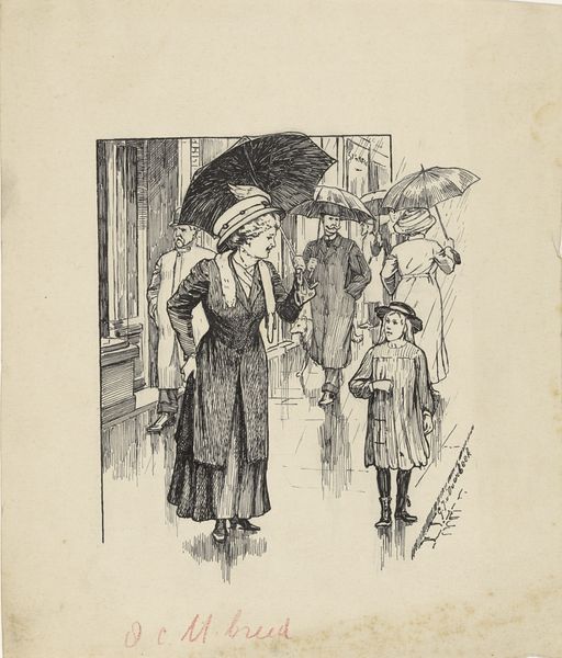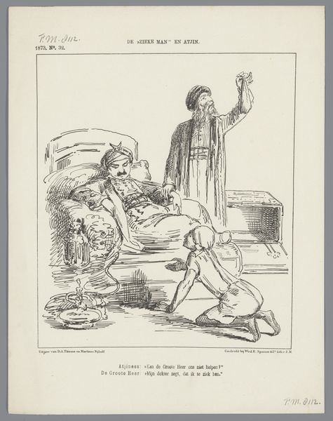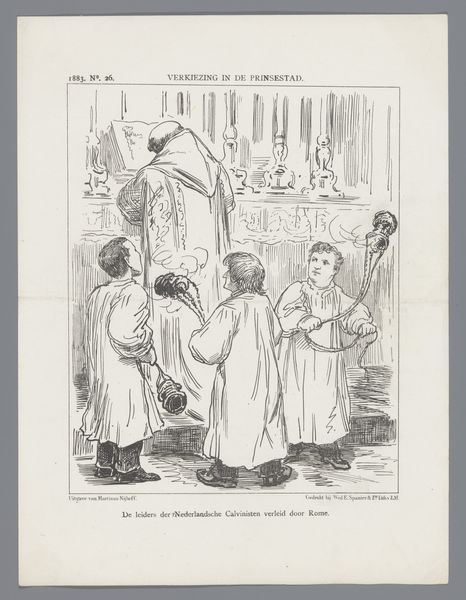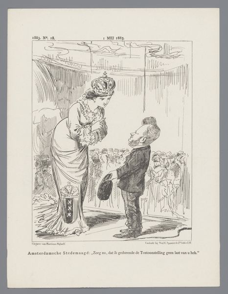 Editor: This print, "Spotprent over de grondwetsherziening, 1887" by Johan Michaël Schmidt Crans, uses ink and drawing to make a pointed commentary. The sharp lines and caricature style give it a sarcastic bite, I think. What exactly is this satirizing? Curator: It feels like peering through a historical keyhole, doesn't it? Look at how Crans uses exaggeration, not just to amuse, but to amplify the political discord surrounding the 1887 constitutional reform in the Netherlands. The figures are puffed-up stereotypes. What does it tell you about the artist’s perspective? Editor: That there was no consensus. I suppose. But who are all those figures? The captions refer to them by number, and there’s a woman resembling a mother figure. Is she the Netherlands? Curator: Precisely! She’s a representation of the Dutch nation. And those skeptical men represent factions within the government, each reluctant to acknowledge the 'Herziene Grondwet'—the revised constitution—as their own. Notice how Crans frames her. It hints at her inherent power, doesn’t it? He almost teases us, questioning who the Netherlands *really* belongs to. What does that imply? Editor: That there were tensions. Each wants it, but only on their terms, perhaps. So, the cartoonist uses the 'mother' figure to suggest that. How clever! Curator: Yes! He challenges us to think about who has the right to claim ownership and shape its future, doesn't he? Editor: Absolutely! Political cartoons can be powerful, capturing complex ideas with a deceptively simple image. It is good to see it wasn't only recently that they did that. Curator: Precisely! Next time we think that we live in complicated times, maybe we should see they were always so. And what a clever way to discuss it!
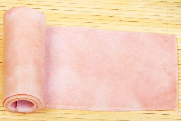 產(chǎn)品特點:位于豬脊背的一塊質(zhì)量最好的豬皮,可制作豬皮凍,也可油炸、燉、炒。
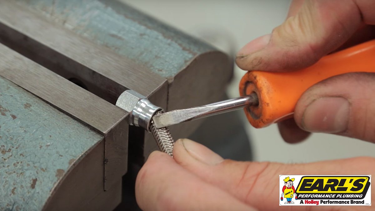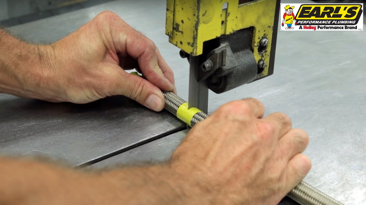 Trimming the PVC coating back about the length of the hose end (one to two inches) provides enough clearance to install the hose end. To complete the hose assembly requires a vice, an Earl’s reaming tool (cleans and smooths the fluid transition area across the olive insert), Earl’s assembly oil, and an appropriately sized wrench. Earl’s recommends the use of a pressure check kit to clean out and pressure test each new hose.
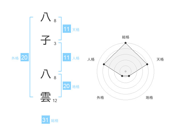 八子 八雲さんの総格は31画の5点!
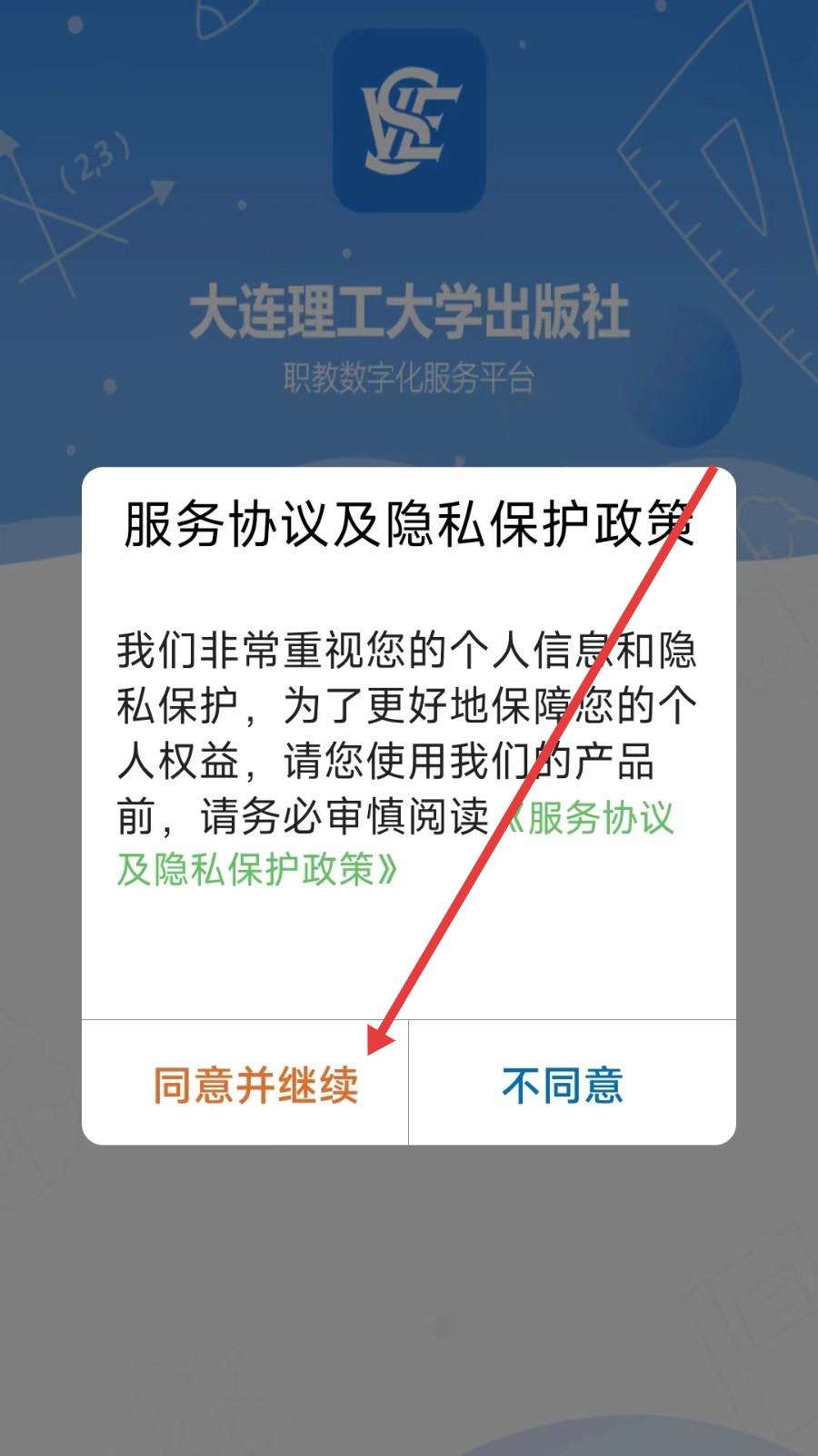 1、啟動后彈出服務協議及隱私保護政策提示,閱讀內容后點擊同意并繼續,即可進入大連理工大學出版社職教數字化服務平臺,開啟后續教學資源使用流程。
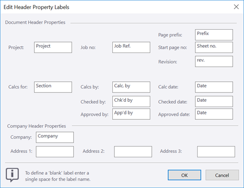 When you use a Tedds for Word calculation template, you can insert document details or company information in the header or footer, or modify the property labels in the header or footer according to your needs. To modify the header or footer using the Header properties dialog box. To modify the header or footer, see the following instructions.

Work item: Reproduce, exactly and with no pictures, the lines from the line containing "1、啟動后彈出服務協議及隱私" through the closing line of the data above, keeping both ends.

Answer section:
 1、啟動后彈出服務協議及隱私保護政策提示,閱讀內容后點擊同意并繼續,即可進入大連理工大學出版社職教數字化服務平臺,開啟后續教學資源使用流程。
 When you use a Tedds for Word calculation template, you can insert document details or company information in the header or footer, or modify the property labels in the header or footer according to your needs. To modify the header or footer using the Header properties dialog box. To modify the header or footer, see the following instructions.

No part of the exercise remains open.